===== GIVEN DATA

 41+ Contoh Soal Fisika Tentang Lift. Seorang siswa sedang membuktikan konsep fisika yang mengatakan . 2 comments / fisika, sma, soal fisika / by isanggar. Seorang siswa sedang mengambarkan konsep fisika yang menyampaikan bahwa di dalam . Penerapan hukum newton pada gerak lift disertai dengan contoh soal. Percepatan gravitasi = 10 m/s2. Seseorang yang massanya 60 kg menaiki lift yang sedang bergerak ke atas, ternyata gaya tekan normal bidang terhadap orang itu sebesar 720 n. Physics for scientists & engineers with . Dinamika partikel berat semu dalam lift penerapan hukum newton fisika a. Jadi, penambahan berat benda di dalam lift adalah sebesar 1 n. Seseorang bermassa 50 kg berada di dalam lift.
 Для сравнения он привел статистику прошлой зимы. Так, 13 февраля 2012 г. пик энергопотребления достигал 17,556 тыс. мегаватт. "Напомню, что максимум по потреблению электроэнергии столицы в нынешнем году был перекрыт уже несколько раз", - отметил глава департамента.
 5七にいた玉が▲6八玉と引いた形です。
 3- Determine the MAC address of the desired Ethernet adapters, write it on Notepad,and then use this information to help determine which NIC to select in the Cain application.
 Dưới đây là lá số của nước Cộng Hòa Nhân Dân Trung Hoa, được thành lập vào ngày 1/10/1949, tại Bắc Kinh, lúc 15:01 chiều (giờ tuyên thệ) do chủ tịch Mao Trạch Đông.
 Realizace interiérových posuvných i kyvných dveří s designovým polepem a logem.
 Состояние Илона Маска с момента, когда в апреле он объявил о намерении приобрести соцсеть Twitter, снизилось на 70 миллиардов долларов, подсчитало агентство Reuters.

==========

* _WHAT TO PRODUCE_
Reproduce all of the material verbatim.

* _YOUR SOLUTION_
 41+ Contoh Soal Fisika Tentang Lift. Seorang siswa sedang membuktikan konsep fisika yang mengatakan . 2 comments / fisika, sma, soal fisika / by isanggar. Seorang siswa sedang mengambarkan konsep fisika yang menyampaikan bahwa di dalam . Penerapan hukum newton pada gerak lift disertai dengan contoh soal. Percepatan gravitasi = 10 m/s2. Seseorang yang massanya 60 kg menaiki lift yang sedang bergerak ke atas, ternyata gaya tekan normal bidang terhadap orang itu sebesar 720 n. Physics for scientists & engineers with . Dinamika partikel berat semu dalam lift penerapan hukum newton fisika a. Jadi, penambahan berat benda di dalam lift adalah sebesar 1 n. Seseorang bermassa 50 kg berada di dalam lift.
 Для сравнения он привел статистику прошлой зимы. Так, 13 февраля 2012 г. пик энергопотребления достигал 17,556 тыс. мегаватт. "Напомню, что максимум по потреблению электроэнергии столицы в нынешнем году был перекрыт уже несколько раз", - отметил глава департамента.
 5七にいた玉が▲6八玉と引いた形です。
 3- Determine the MAC address of the desired Ethernet adapters, write it on Notepad,and then use this information to help determine which NIC to select in the Cain application.
 Dưới đây là lá số của nước Cộng Hòa Nhân Dân Trung Hoa, được thành lập vào ngày 1/10/1949, tại Bắc Kinh, lúc 15:01 chiều (giờ tuyên thệ) do chủ tịch Mao Trạch Đông.
 Realizace interiérových posuvných i kyvných dveří s designovým polepem a logem.
 Состояние Илона Маска с момента, когда в апреле он объявил о намерении приобрести соцсеть Twitter, снизилось на 70 миллиардов долларов, подсчитало агентство Reuters.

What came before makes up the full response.